WHAT NEEDS TO BE DONE:
Please output exactly the part of the records below that opens with the line containing "第22分钟,托马斯-穆勒在右路送出传中,莱万头球破门,拜仁3-0领先;" and closes with the line containing "я получил структурированные", both lines included, and nothing else.

BEGIN TASK INPUTS

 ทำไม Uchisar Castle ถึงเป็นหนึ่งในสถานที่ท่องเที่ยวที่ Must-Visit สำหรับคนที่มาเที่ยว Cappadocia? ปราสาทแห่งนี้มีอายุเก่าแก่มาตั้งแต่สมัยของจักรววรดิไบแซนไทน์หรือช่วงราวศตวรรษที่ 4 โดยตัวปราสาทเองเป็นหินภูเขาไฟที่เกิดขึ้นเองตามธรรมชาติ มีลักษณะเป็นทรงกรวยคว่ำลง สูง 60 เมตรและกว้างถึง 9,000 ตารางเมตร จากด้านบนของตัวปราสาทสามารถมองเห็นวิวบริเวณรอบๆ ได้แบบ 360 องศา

END TASK INPUTS
BEGIN TASK INPUTS

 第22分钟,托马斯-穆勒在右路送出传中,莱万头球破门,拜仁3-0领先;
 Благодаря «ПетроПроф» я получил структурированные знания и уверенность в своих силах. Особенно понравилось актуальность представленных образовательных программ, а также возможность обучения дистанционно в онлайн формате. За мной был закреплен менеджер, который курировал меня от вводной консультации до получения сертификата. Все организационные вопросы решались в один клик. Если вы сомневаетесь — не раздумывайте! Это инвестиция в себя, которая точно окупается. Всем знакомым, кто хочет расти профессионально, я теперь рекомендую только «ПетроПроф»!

END TASK INPUTS
BEGIN TASK INPUTS

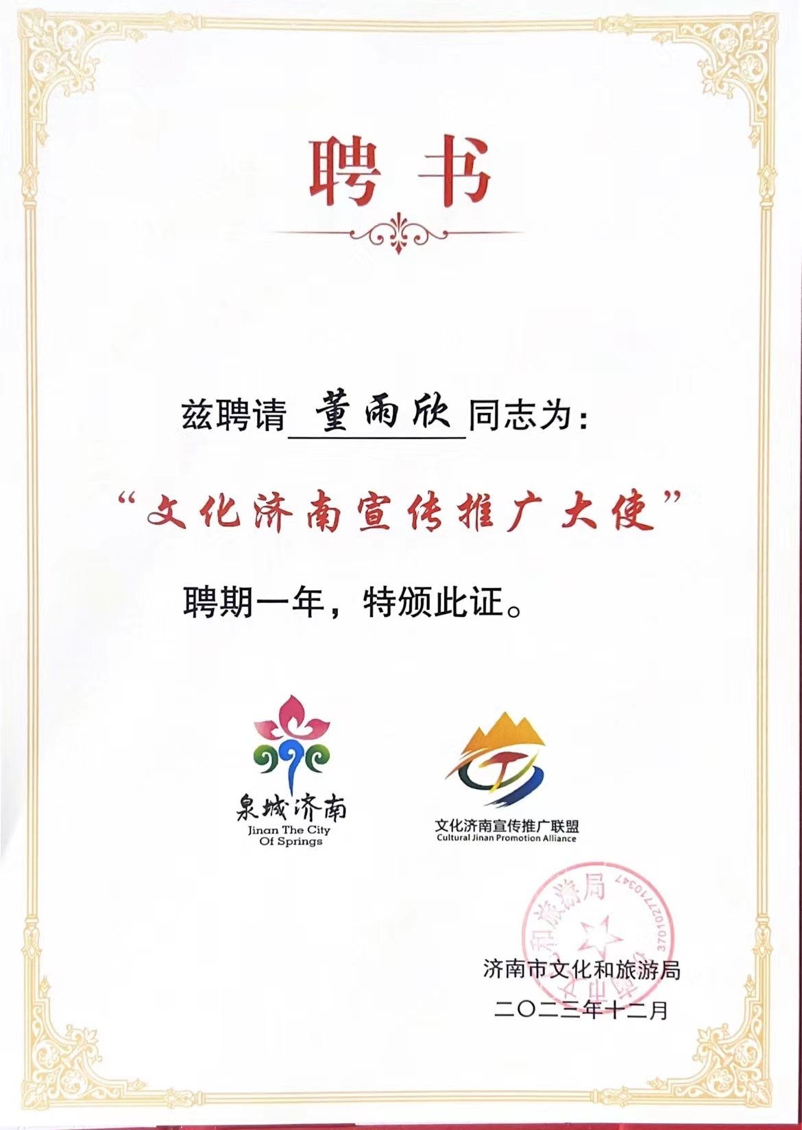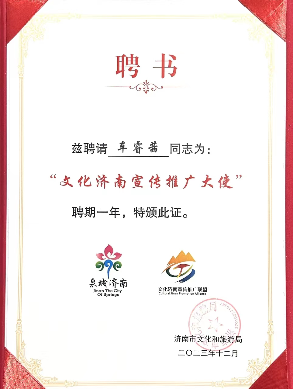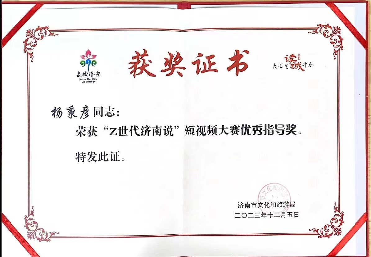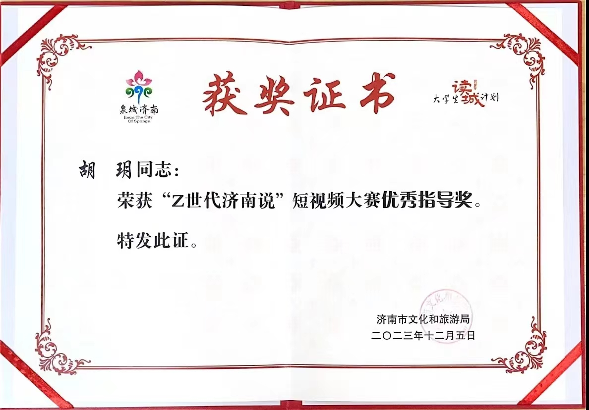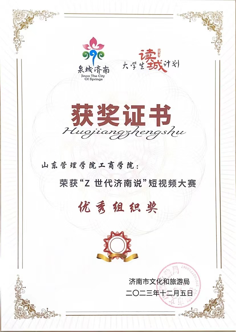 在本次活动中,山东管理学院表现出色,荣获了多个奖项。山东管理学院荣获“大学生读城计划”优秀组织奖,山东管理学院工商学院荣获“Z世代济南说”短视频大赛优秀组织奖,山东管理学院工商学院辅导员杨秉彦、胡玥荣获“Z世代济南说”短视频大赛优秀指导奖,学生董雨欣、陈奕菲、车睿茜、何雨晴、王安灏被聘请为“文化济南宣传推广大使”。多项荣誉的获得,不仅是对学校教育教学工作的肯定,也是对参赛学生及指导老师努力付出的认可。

END TASK INPUTS

ANSWER SPACE:
 第22分钟,托马斯-穆勒在右路送出传中,莱万头球破门,拜仁3-0领先;
 Благодаря «ПетроПроф» я получил структурированные знания и уверенность в своих силах. Особенно понравилось актуальность представленных образовательных программ, а также возможность обучения дистанционно в онлайн формате. За мной был закреплен менеджер, который курировал меня от вводной консультации до получения сертификата. Все организационные вопросы решались в один клик. Если вы сомневаетесь — не раздумывайте! Это инвестиция в себя, которая точно окупается. Всем знакомым, кто хочет расти профессионально, я теперь рекомендую только «ПетроПроф»!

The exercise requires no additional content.